_What is needed_. Transcribe the whole listing below. Pictures do not go in the copy.

_Available data_.
=====
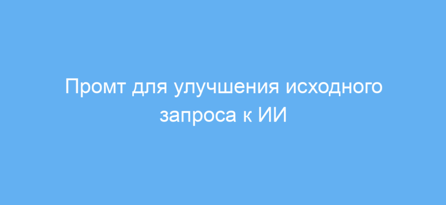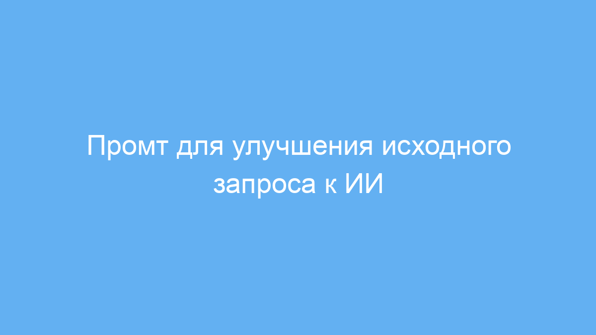 Этот промт предназначен для тех, кто хочет сделать взаимодействие с искусственным интеллектом более эффективным. Часто исходные запросы могут быть расплывчатыми или недостаточно ясными, из-за чего ответы ИИ получаются не такими полезными. С помощью данного промта можно повысить ясность формулировок, увеличить глубину и информативность ответов, а также улучшить структуру исходного запроса.
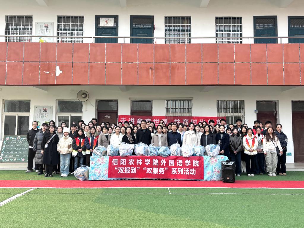 1211日下午,外国语学院师生赴平桥区邢集镇程庄村小学开展“双报到”“双服务”双语社会实践活动。学院党委书记蔡志、院长芦晓莉带队,师生代表90余人同行,邢集镇程庄村小学校长方秀威及程庄村党支部代表也共同参加了本次活动。
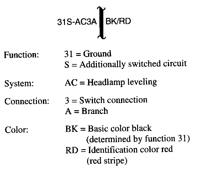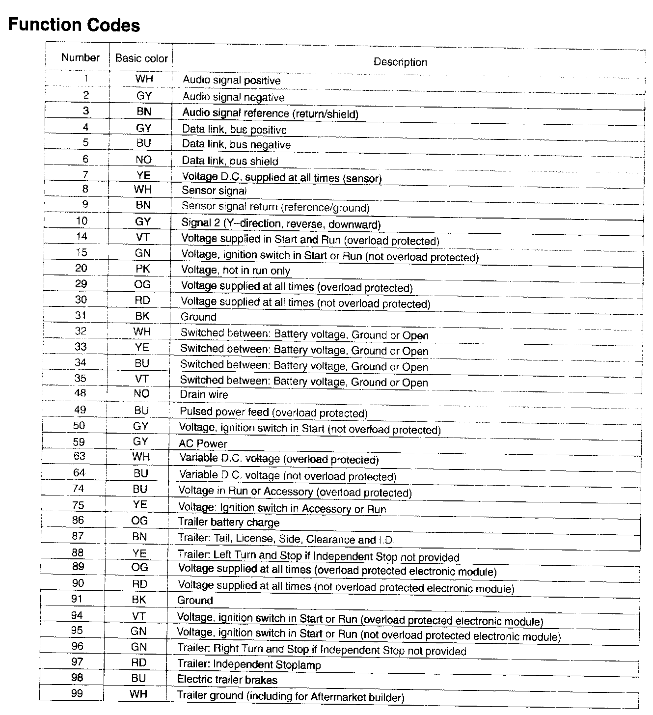 Each function code has a specific basic color associated with it, which can also be seen in the chart of function codes on the next diagram. The identification color is a colored stripe used to differentiate several wires with the same function within one component connector.
=====
_Task answer_.
 Этот промт предназначен для тех, кто хочет сделать взаимодействие с искусственным интеллектом более эффективным. Часто исходные запросы могут быть расплывчатыми или недостаточно ясными, из-за чего ответы ИИ получаются не такими полезными. С помощью данного промта можно повысить ясность формулировок, увеличить глубину и информативность ответов, а также улучшить структуру исходного запроса.
 1211日下午,外国语学院师生赴平桥区邢集镇程庄村小学开展“双报到”“双服务”双语社会实践活动。学院党委书记蔡志、院长芦晓莉带队,师生代表90余人同行,邢集镇程庄村小学校长方秀威及程庄村党支部代表也共同参加了本次活动。
 Each function code has a specific basic color associated with it, which can also be seen in the chart of function codes on the next diagram. The identification color is a colored stripe used to differentiate several wires with the same function within one component connector.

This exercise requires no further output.